Alternately, they will cool off in the summer by flapping in the pine shavings or you can give them a wading pool of sand to "splash" in.
Compost the shavings for a great garden fertilizer. Once per year shovel out all of their shavings and replace it with new. Pine shavings preferably, not cedar as it can be damaging to them.

These eggs are more nutritional and have half of the cholesterol of store bought eggs. Backyard eggs have approximately twenty-five percent more vitamin E, seventy-five percent more beta carotene, and as much as twenty times the amount of Omega-3 fatty acids as do factory farmed eggs. Even the yolks are a super bright yellow. Store eggs can be 2 months old or worse.
Be careful of your zoning, most suburban areas do not allow roosters. Get sexed chicks or 3 month old pullets so you know that you are getting females. If you want to hatch your own eggs then have a plan for getting rid of the roos. We live in a rural area zoned agricultural but we still have lots of neighbors and the roo noise would have been pretty annoying.
The hardest thing about them is the infighting to determine the pecking order. Our littlest hen gets her butt pecked so much by the others that she has a permanently bare red posterior. And chickens are compelled to peck the color red so it's a vicious circle. Hubby calls her Red Butt. They can be brutal to each other; scratches, cuts, bullying, fighting. Just keep an eye on them but don't interfere too much. If you are introducing new birds to an established flock, please do some research because it's a difficult thing to do.

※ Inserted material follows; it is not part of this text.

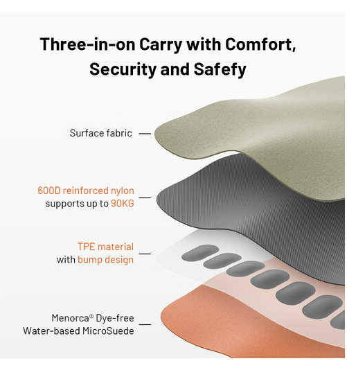 Er besteht aus atmungsaktivem, umweltfreundlichem, verstärktem 600D-Nylon und einem geflochtenen Dyneema-Band und bietet sowohl Festigkeit als auch Flexibilität. Schnellverschlüsse ermöglichen ein schnelles Anbringen und Abnehmen Ihrer Kamera, während das TPE-Futter mit Noppenmuster ein Verrutschen verhindert und den Komfort erhöht. Der Gurt ist mit nur 77 g sehr leicht, kann jedoch eine Kamera mit einem Gewicht von bis zu 90 kg tragen und eignet sich daher auch für schwere Profikameras. Aus Sicherheitsgründen sollten Sie den Gurt ersetzen, wenn die gelbe Schicht des Bandes sichtbar wird.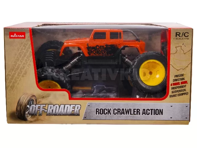 Nagy méretű terepjáró, hatalmas kerekekkel és távirányítóval! Az 1:18 méretarányú Rastar Távirányítós Rock Crawler Action egy műanyag karosszériával készült terepjáró autó, rugós felfüggesztéssel. A terepjáró minden irányba tud haladni, a villanymotor minden kereket meghajt, az autó a legnehezebb terepviszonyokat is könnyen veszi! A Távirányítós Rock Crawler Action távirányítója kormány alakú, a távirányító 1 db 9V-os elemmel, az autó 6 db AA ceruzaelemmel működik, a csomagolás csak a ceruzaelemeket tartalmazza. Méretek: 32 x 21 x 15 cm.

The best thing about them is I never again have to waste any sort of vegetable, fruit, or piece of bread. They are my little clucky garbage disposals. Great if we don't eat the bananas soon enough or if the lettuce goes a bit yellow in the vegetable bin.
I do resist showing them at fairs or picking up new cuties from the local poultry show because you just don't know if they're going to pick up a nasty virus or bacteria and bring it home. Plus the whole re-introduction to the flock for the one who got out for a field trip is something else to be avoided.

"Don't use fresh eggs for baking, use last week's or the week before." I don't know why but my elderly neighbor used to farm chickens and that's what she told me and I do what I'm told when it comes to people with more wisdom.
Recommended Reading: Still Life With Chickens (Starting Over In A House By The Sea) by Catherine Goldhammer
Non-fiction 2006: Catherine, freshly divorced and with a young daughter, decided to have a simpler life and built a pen and got a flock of backyard chickens. Her trials and tribulations with them. This is the book that stopped me just thinking about doing it and going out and making it happen.